- ABOUT THIS TASK -
Copy the records below exactly, starting at the line that contains "面板端:中国面板产能增加推动成本下行,韩企采购战略变化短期成本增加。" and ending at the line that contains "Выкладываем дольки яблок"; leave out any pictures.

[Data extracted from a collection]
[Start of Attachment]
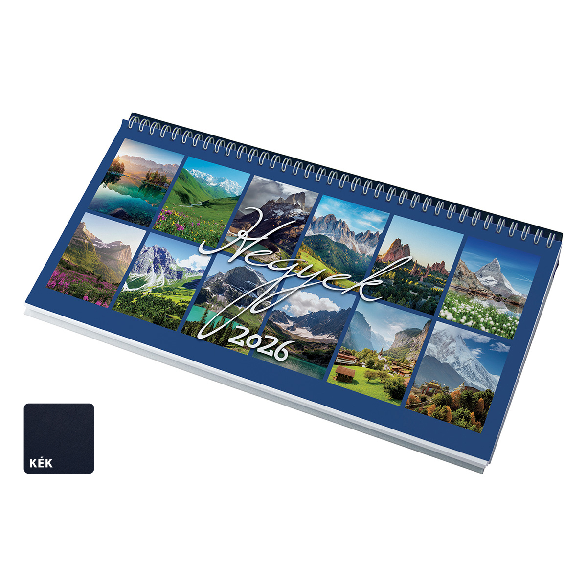 Ikerspirállal összefűzött, fehér lapos, fekvő asztali naptár
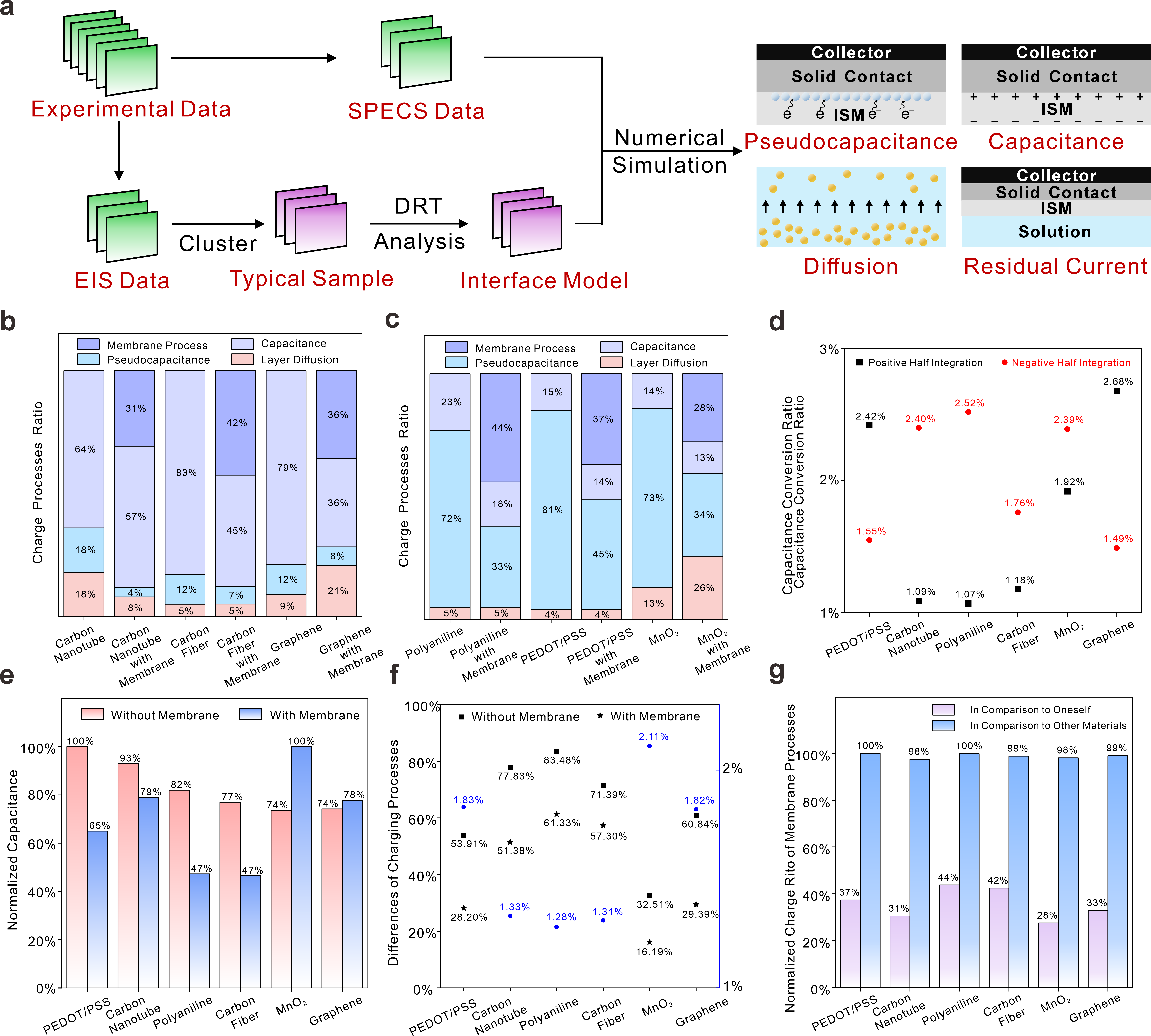 團隊進(jìn)一步研究發(fā)現(xiàn),在不同過電位條件下,電荷存儲過程中的對稱性與電容轉(zhuǎn)化率存在關(guān)聯(lián);離子選擇性膜的存在會限制不同材料的電容性能,導(dǎo)致工作狀態(tài)下轉(zhuǎn)導(dǎo)層界面電容與無膜修飾電極電容存在顯著差異。該研究表明在固體轉(zhuǎn)導(dǎo)層材料開發(fā)中,不僅需要關(guān)注高疏水與大電容特性,也要重視材料與離子選擇性膜之間的相互作用,應(yīng)使電荷存儲過程在不同極性過電位下保持相對均衡,同時需考慮離子選擇性膜對轉(zhuǎn)導(dǎo)層材料充放電過程的制約程度。
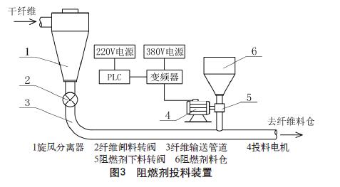 本研究采用的阻燃劑投料裝置如圖3所示。其主 要作用是將阻燃劑粉末按工藝要求精準、定量地投入 纖維輸送管道中,使阻燃劑粉末與纖維均勻混合。該 裝置主要由阻燃劑料倉、投料電機、阻燃劑下料轉閥、 變頻調速器等組成。為了使阻燃劑投放時能根據工藝要求定量可調,本阻燃劑投料裝置采用變頻調速器對 投料電機進行轉速調節,并可通過中控室工業PLC進 行控制。
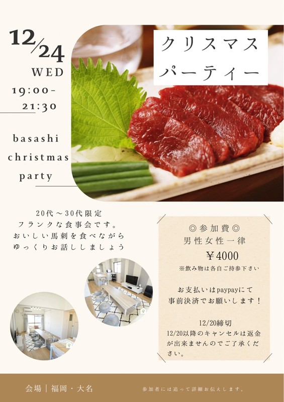 | 連絡事項や アピールポイント | クリスマス会🍖🍻 12/24日19時〜21時 場所はこちら502号 福岡県福岡市中央区大名1丁目2−50 会費男女一律4千円 参加条件は20代〜30代 ※イベント好きや友達作り欲しい方など 大歓迎ですので是非検討お願い致します🙇 参加されたい方はこのサイトに ご連絡お願い致します🤲 |
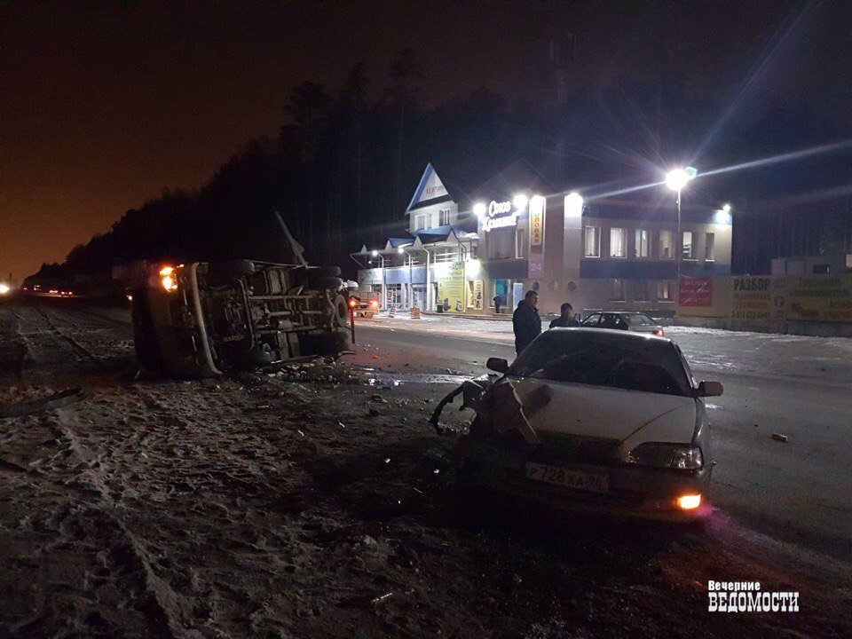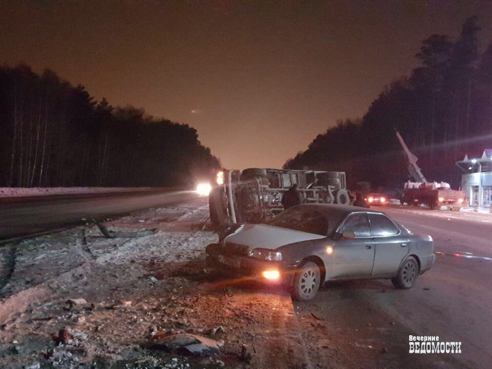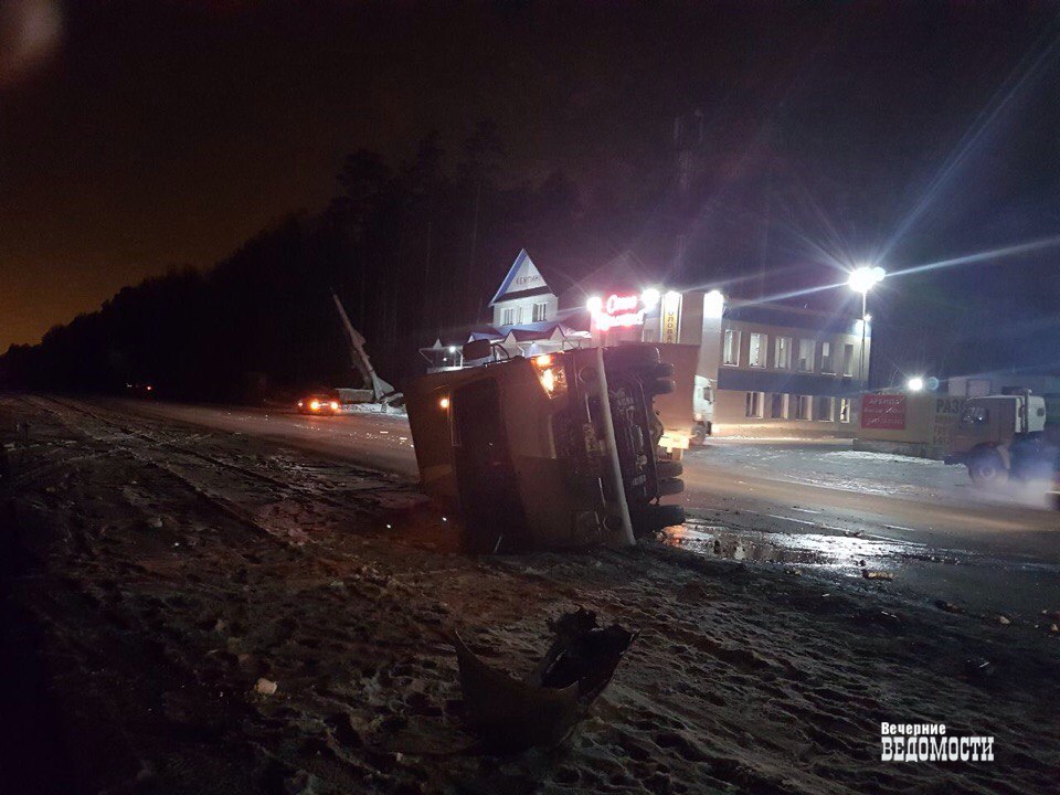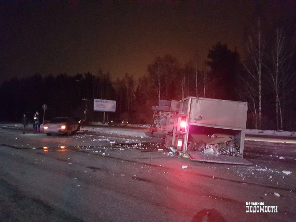 На трассе под Екатеринбургом опрокинулся фургон с пивом
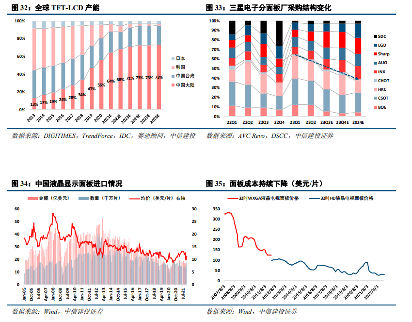 面板端:中国面板产能增加推动成本下行,韩企采购战略变化短期成本增加。
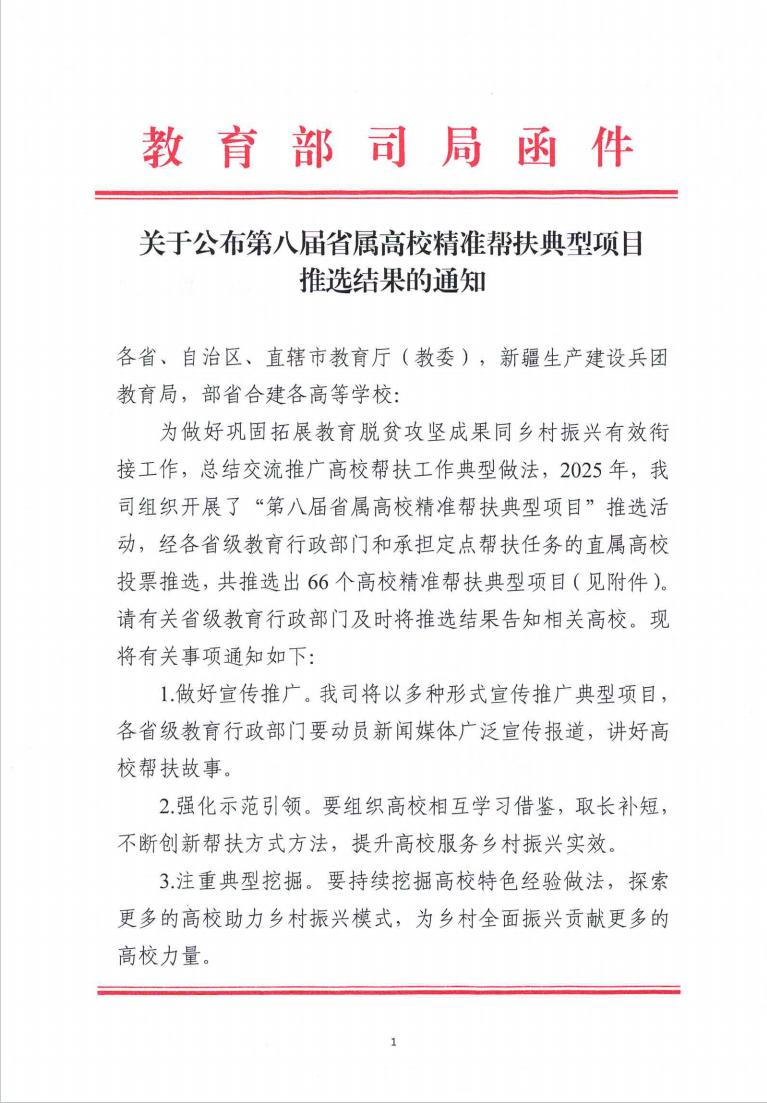 此次入选是我校继此前斩获相关荣誉后,再次获此殊荣,也是教育部对学校扎根基层开展精准帮扶工作、助力乡村振兴成效的高度认可,更是学校立足学科专业优势,主动服务地方经济社会发展的亮眼答卷。
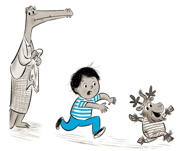 – Так, – начала тётушка Аллигатрия, но тут в трубке раздался щелчок, а после тётушка услышала топот копыт по лестнице. В дверь постучали. Тётушка Аллигатрия открыла. На пороге стоял папа Лось, а на плечах у него сидел Лосятка.
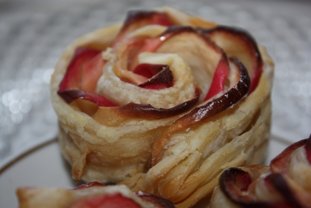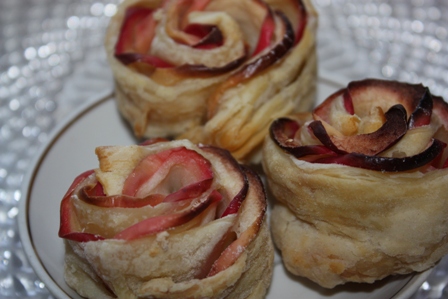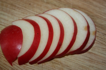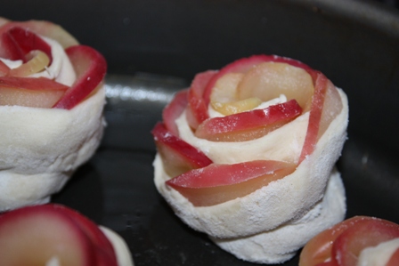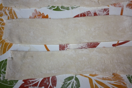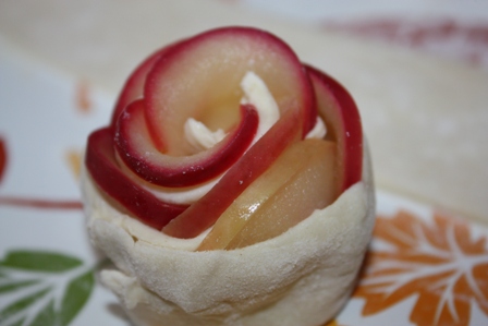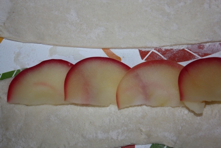 Выкладываем дольки яблок на полоски и аккуратно закручиваем.
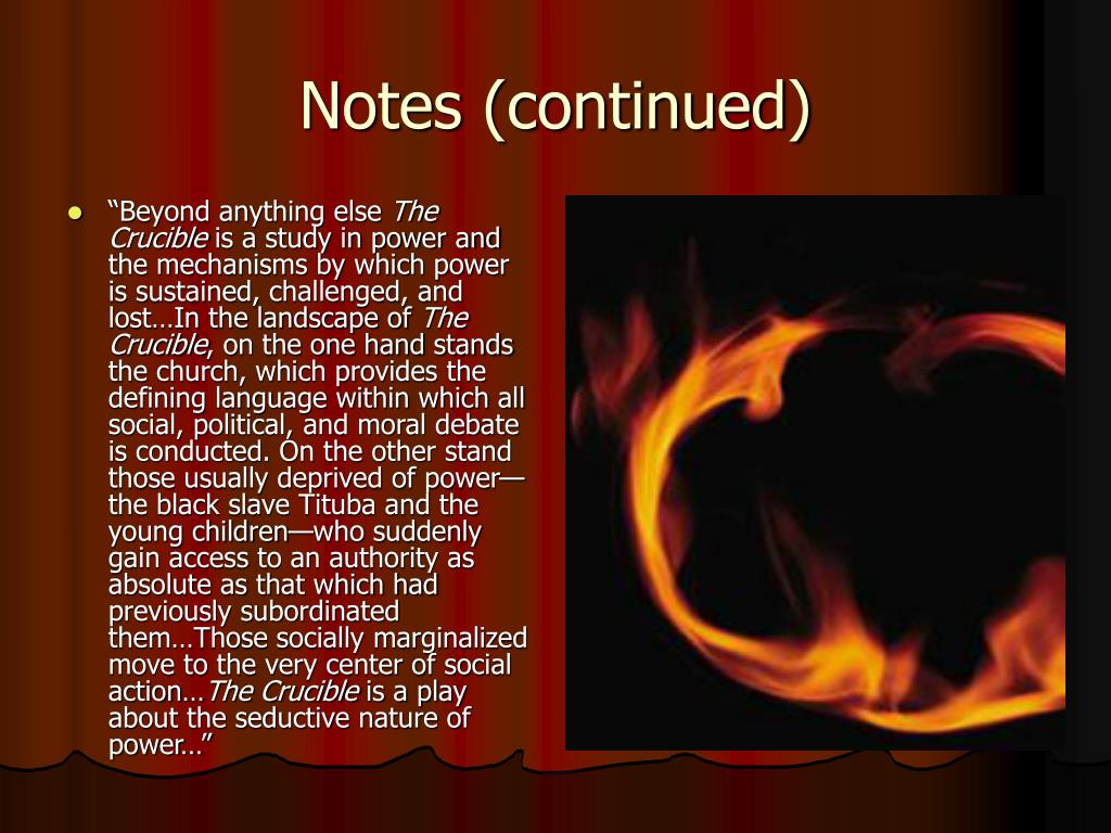 Notes (continued) • “Beyond anything else The Crucible is a study in power and the mechanisms by which power is sustained, challenged, and lost…In the landscape of The Crucible, on the one hand stands the church, which provides the defining language within which all social, political, and moral debate is conducted. On the other stand those usually deprived of power—the black slave Tituba and the young children—who suddenly gain access to an authority as absolute as that which had previously subordinated them…Those socially marginalized move to the very center of social action…The Crucible is a play about the seductive nature of power…”
[End of Attachment]
- RESPONSE AREA -
 面板端:中国面板产能增加推动成本下行,韩企采购战略变化短期成本增加。
 此次入选是我校继此前斩获相关荣誉后,再次获此殊荣,也是教育部对学校扎根基层开展精准帮扶工作、助力乡村振兴成效的高度认可,更是学校立足学科专业优势,主动服务地方经济社会发展的亮眼答卷。
 – Так, – начала тётушка Аллигатрия, но тут в трубке раздался щелчок, а после тётушка услышала топот копыт по лестнице. В дверь постучали. Тётушка Аллигатрия открыла. На пороге стоял папа Лось, а на плечах у него сидел Лосятка.
 Выкладываем дольки яблок на полоски и аккуратно закручиваем.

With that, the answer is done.